→ EXERCISE REQUIREMENTS: In the material below, please retype the lines from the very first through the one with "11oz Round Ceramic", exactly and without pictures.

▬▬▬▬▬▬

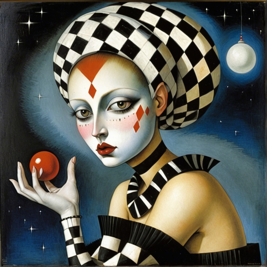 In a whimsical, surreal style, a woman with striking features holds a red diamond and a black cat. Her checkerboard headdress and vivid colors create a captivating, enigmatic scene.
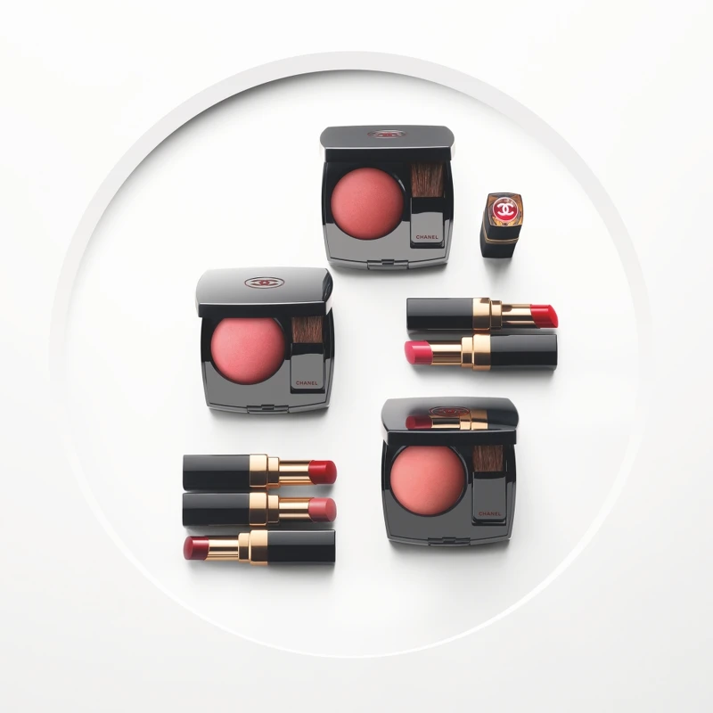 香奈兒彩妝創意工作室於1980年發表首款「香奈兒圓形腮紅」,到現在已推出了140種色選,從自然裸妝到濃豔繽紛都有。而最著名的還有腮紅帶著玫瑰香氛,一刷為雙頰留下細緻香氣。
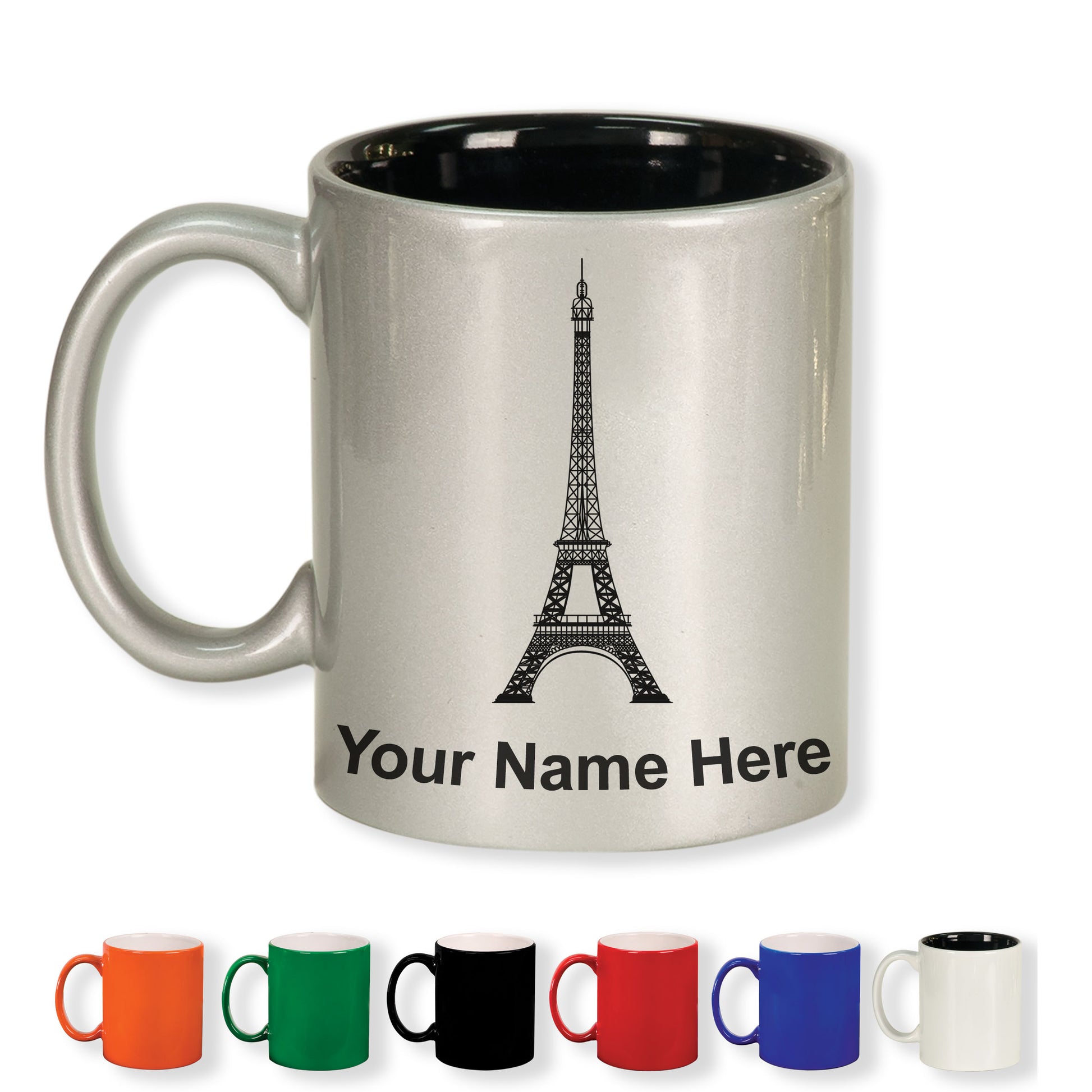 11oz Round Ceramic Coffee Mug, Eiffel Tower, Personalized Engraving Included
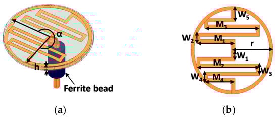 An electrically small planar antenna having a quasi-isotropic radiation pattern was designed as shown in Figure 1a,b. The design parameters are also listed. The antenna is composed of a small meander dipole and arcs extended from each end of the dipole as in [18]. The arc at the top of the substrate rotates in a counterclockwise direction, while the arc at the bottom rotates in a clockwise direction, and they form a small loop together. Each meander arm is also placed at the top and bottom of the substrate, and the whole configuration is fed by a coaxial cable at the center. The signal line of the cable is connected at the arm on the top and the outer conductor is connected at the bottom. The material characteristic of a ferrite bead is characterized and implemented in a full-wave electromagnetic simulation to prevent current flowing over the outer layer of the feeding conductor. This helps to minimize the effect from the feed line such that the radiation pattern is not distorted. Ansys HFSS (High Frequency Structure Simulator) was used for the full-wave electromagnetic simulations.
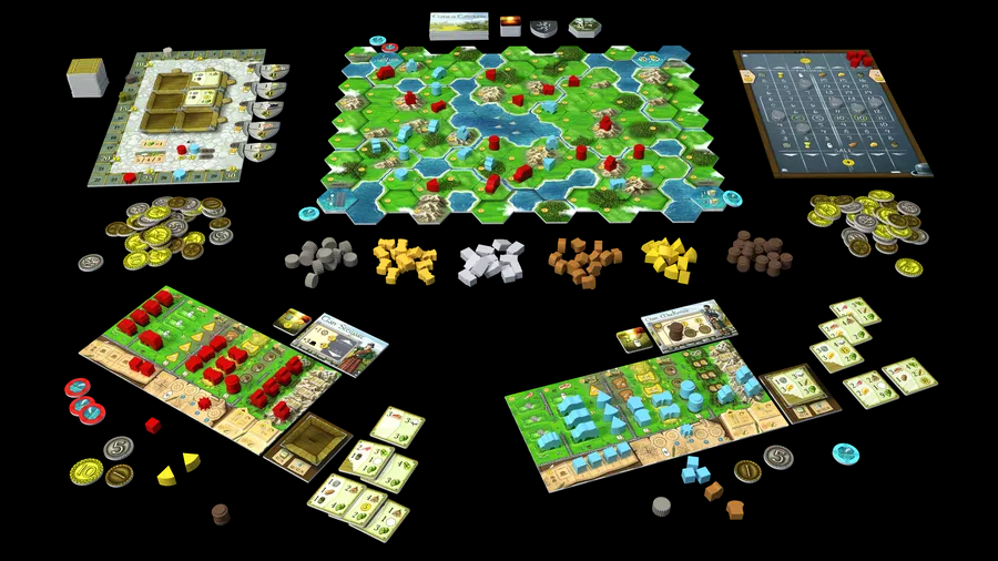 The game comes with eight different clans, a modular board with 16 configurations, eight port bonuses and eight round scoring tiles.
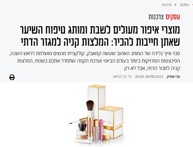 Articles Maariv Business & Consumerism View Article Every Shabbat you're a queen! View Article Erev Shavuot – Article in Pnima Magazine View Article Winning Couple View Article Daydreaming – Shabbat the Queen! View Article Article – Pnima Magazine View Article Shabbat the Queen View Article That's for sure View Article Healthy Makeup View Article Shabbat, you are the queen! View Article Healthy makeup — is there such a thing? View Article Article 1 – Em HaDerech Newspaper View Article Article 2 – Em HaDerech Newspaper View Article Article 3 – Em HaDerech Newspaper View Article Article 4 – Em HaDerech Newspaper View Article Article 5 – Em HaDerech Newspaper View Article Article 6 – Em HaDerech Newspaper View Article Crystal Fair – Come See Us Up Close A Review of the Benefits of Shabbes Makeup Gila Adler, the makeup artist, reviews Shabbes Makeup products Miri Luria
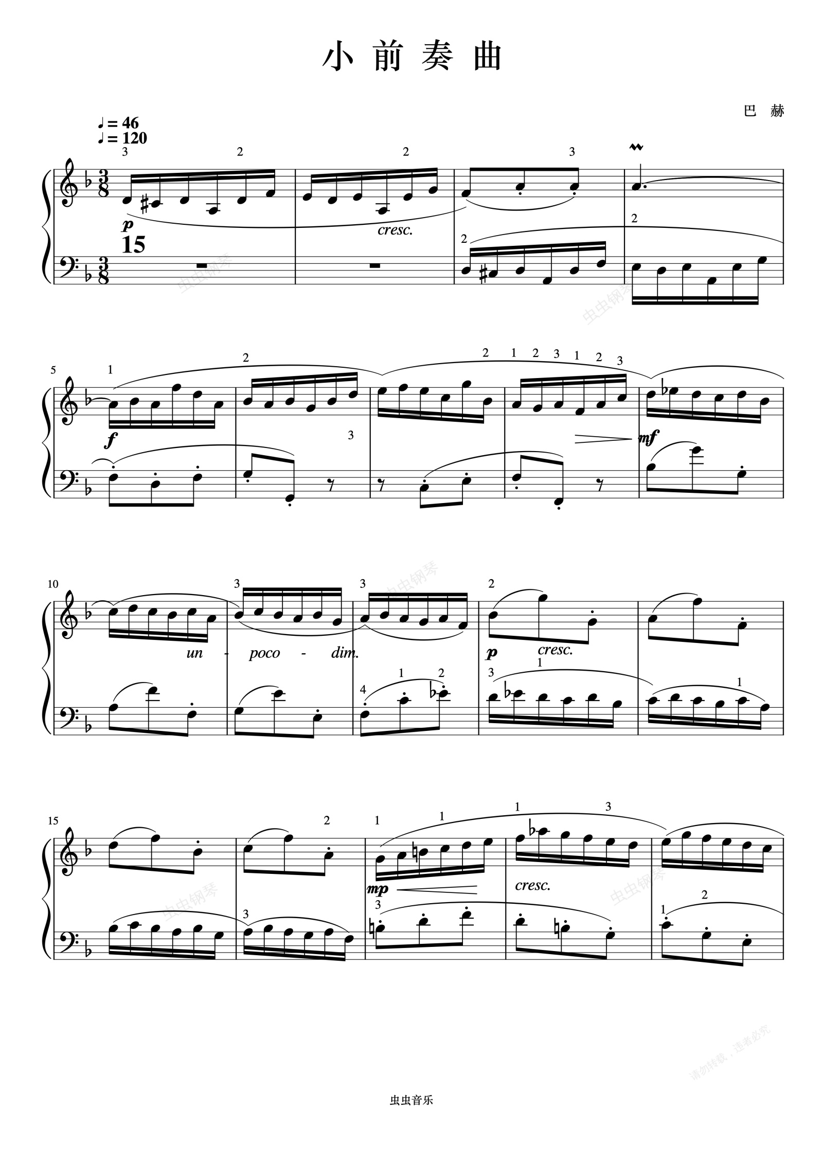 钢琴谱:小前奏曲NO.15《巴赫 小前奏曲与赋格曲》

▬▬▬▬▬▬

→ TASK RESPONSE:
 In a whimsical, surreal style, a woman with striking features holds a red diamond and a black cat. Her checkerboard headdress and vivid colors create a captivating, enigmatic scene.
 香奈兒彩妝創意工作室於1980年發表首款「香奈兒圓形腮紅」,到現在已推出了140種色選,從自然裸妝到濃豔繽紛都有。而最著名的還有腮紅帶著玫瑰香氛,一刷為雙頰留下細緻香氣。
 11oz Round Ceramic Coffee Mug, Eiffel Tower, Personalized Engraving Included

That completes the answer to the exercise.